- Developer: Gangolf Jobb
- Stable release: March 2011 / 1 March 2011
- Available in: English
- Type: Bioinformatics tool
- Website: www.treefinder.de

= Treefinder =

Treefinder is a computer program for the likelihood-based reconstruction of phylogenetic trees from molecular sequences. It was written by Gangolf Jobb, a former researcher at LMU Munich, Germany, and was originally released in 2004. Treefinder is free of charge, though the most recent license prohibits its use in the USA and eight European countries.

== Overview ==

A platform-independent graphical environment integrates a standard suite of analyses: phylogeny reconstruction, bootstrap analysis, model selection, hypothesis testing, tree calibration, manipulation of trees and sequence data. Treefinder is scriptable through a proprietary scripting language called TL.
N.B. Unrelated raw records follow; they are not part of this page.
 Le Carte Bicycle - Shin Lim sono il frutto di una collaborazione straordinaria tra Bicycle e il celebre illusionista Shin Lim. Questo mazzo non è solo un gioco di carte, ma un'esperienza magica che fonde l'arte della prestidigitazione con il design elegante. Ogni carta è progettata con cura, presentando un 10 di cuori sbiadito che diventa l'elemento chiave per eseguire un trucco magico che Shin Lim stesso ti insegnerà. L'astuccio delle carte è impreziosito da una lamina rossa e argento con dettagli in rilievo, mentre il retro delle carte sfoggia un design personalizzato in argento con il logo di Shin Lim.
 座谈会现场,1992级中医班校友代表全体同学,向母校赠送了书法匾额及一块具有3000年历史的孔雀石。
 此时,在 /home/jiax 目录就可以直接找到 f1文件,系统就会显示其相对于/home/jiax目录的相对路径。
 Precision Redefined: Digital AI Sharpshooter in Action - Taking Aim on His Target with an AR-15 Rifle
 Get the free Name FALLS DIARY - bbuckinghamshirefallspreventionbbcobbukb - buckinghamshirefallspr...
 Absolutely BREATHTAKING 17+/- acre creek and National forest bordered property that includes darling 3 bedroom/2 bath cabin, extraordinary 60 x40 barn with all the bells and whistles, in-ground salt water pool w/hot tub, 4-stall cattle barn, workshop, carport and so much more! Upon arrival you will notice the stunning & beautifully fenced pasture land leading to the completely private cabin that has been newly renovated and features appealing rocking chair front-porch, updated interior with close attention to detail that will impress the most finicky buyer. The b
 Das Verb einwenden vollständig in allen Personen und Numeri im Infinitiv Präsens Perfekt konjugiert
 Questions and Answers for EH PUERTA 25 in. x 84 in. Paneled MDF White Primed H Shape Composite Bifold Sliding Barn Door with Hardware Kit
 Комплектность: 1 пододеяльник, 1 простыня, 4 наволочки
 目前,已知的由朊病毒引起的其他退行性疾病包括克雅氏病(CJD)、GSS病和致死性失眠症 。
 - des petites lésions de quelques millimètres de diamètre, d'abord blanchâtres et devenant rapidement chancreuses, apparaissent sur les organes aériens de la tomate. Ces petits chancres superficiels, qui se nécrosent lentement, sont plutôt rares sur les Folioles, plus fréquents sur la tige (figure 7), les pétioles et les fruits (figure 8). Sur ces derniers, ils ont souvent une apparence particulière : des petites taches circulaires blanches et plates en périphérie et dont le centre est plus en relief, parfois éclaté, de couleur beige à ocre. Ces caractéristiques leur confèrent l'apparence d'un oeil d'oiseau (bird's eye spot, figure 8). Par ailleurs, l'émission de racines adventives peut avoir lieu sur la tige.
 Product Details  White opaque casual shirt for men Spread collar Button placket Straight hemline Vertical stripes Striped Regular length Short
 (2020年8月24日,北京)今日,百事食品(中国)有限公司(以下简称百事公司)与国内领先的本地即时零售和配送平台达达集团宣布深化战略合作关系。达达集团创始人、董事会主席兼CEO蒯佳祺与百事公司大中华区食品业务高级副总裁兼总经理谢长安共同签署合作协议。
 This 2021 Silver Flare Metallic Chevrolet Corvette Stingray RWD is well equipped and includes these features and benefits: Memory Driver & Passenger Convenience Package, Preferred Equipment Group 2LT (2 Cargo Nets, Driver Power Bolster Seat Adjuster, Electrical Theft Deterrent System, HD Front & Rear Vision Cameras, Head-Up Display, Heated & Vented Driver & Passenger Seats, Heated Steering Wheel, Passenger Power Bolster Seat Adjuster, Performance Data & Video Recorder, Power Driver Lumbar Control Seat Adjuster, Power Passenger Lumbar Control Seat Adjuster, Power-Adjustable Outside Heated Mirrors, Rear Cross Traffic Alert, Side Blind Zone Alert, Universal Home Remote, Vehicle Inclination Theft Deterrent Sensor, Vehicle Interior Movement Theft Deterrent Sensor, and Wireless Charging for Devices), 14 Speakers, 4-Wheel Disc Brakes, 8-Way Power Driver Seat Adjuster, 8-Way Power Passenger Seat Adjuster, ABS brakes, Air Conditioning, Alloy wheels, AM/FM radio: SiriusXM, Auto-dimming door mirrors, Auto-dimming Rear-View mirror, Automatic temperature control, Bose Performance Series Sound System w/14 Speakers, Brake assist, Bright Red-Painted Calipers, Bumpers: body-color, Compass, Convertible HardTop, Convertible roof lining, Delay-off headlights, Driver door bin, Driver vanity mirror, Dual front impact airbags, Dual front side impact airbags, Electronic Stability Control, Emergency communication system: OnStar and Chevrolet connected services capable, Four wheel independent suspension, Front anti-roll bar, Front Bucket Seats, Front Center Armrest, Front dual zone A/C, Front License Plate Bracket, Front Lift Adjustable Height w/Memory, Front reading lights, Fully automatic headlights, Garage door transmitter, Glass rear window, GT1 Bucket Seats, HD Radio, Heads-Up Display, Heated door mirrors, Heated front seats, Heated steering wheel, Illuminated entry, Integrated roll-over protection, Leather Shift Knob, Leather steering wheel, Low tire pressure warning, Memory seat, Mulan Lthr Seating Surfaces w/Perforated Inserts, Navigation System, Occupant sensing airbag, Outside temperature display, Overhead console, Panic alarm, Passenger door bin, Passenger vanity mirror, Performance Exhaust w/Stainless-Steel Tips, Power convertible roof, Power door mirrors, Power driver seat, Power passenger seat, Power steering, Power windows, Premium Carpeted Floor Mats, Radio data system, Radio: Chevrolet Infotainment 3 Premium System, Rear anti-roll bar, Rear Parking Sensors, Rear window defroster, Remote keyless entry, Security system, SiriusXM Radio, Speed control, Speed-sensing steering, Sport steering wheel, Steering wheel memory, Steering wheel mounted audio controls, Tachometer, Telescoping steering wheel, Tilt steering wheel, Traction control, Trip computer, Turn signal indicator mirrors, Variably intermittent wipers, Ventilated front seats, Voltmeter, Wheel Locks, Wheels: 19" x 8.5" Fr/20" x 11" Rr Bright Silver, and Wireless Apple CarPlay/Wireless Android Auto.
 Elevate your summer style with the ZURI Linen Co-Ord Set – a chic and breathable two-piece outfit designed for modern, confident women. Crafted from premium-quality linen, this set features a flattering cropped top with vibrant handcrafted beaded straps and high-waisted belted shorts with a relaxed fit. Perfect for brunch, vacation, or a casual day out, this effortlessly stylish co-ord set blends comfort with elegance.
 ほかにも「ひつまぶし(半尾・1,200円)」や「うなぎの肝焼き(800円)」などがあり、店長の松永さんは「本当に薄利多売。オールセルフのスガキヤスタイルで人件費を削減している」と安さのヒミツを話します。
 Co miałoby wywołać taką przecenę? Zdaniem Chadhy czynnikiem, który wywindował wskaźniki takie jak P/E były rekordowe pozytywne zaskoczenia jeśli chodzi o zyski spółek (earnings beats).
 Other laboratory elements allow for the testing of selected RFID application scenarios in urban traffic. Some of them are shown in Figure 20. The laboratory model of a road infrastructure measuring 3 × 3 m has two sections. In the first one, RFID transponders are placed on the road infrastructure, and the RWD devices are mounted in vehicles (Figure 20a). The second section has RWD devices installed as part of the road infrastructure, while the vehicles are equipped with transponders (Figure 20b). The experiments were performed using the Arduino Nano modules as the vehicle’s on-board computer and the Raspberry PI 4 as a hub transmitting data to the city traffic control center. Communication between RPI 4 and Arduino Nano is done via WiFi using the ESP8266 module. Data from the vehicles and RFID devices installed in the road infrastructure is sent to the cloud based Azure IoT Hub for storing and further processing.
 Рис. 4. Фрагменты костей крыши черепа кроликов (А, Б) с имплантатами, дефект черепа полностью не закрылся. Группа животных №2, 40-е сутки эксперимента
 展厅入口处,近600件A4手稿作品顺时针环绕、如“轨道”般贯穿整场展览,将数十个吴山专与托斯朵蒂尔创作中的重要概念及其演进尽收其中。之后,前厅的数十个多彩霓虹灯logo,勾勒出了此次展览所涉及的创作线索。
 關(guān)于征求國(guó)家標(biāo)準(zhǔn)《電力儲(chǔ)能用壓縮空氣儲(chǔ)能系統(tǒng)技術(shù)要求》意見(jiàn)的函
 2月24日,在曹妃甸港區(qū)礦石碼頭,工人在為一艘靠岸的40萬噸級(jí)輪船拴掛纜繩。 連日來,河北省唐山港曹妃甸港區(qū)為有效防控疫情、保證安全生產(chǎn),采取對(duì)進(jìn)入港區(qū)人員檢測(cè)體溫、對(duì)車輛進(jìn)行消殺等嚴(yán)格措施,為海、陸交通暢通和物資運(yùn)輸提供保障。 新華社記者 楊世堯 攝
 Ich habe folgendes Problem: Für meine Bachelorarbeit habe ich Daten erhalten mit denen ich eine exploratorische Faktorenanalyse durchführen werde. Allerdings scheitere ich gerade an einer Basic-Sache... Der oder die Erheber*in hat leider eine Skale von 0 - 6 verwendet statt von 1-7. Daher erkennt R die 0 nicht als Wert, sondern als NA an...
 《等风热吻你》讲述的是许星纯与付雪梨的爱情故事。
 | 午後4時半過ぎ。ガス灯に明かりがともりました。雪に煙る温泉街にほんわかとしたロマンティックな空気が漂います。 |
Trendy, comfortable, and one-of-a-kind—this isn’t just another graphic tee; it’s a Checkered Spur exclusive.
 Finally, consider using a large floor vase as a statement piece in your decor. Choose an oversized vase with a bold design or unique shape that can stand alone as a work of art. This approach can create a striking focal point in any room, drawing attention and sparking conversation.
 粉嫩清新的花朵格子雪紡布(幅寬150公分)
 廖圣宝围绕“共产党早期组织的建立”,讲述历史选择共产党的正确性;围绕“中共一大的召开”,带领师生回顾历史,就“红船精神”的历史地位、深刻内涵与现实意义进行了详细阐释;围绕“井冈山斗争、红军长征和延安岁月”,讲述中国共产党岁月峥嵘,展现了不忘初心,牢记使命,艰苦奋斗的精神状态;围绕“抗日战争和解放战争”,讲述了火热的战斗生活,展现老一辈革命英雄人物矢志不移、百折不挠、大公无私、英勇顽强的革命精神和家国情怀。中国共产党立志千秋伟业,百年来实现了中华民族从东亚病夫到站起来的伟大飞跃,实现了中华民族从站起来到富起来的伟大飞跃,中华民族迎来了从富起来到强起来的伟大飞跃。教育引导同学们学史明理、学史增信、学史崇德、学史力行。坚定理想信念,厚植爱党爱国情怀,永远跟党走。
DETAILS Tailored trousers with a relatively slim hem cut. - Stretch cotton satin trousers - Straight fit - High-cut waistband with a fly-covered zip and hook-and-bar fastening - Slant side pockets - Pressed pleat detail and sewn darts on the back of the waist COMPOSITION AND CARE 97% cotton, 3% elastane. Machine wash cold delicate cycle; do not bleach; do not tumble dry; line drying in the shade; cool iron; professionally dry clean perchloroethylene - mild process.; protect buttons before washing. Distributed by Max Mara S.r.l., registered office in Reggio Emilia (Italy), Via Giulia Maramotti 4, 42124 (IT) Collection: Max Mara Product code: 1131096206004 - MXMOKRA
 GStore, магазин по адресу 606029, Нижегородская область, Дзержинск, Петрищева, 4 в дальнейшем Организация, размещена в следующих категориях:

Treefinder has an efficient tree search algorithm that can infer trees with thousands of species within a short time. Result trees are displayed and can then be saved as a reconstruction report, which may serve as an input for further analysis, for example hypothesis testing. The report contains all information about the tree and the models used. Treefinder also supports exporting results as NEWICK or NEXUS files.

The software supports a broad collection of models of sequence evolution. The June 2008 release implements 7 models of nucleotide substitution (HKY, TN, J1, J2, J3 (= TIM), TVM, GTR), 14 empirical models of amino acid substitution (BLOSUM, cpREV, Dayhoff, JTT, LG, mtArt, mtMam, mtREV, PMB, rtREV, betHIV, witHIV, VT, WAG), 4 substitution models of structured rRNA (bactRNA, eukRNA, euk23RNA, mitoRNA), the 6-state "Dayhoff Groups" protein model (DG), 2-state and 3-state models of DNA (GTR3, GTR2), a parametric mixed model (MIX) mixing the empirical models of proteins or rRNA, and also a user-definable GTR-type model (MAP) mapping characters to states as needed. Three models of among-site rate heterogeneity are available (Gamma, Gamma+I, I), which can be combined with any of the substitution models. One can assume different models for different partitions of a sequence alignment, and partitions may be assumed to evolve at different speeds. All parameters of the models can be estimated from the data by maximization of likelihood. Certain TL expressions, the "model expressions", allow the concise notation of complex models, together with their parameters and optimization modes.

As of November 2015, Treefinder's original publication from 2004 has been cited more than 700 times in the scientific literature.

==Controversy==
On February 1, 2015, Jobb disallowed the use of Treefinder in the USA in order to make a political statement. The author again changed the license terms on October 1, 2015 to exclude use in Germany, Austria, France, the Netherlands, Belgium, Great Britain, Sweden, and Denmark - countries he claimed "host most of the non-european immigrants". In an accompanying statement, he decried the handling of the European migrant crisis by European countries. The journal BMC Evolutionary Biology that published the original application note has since retracted it, stating that the license change violated the journal's policy.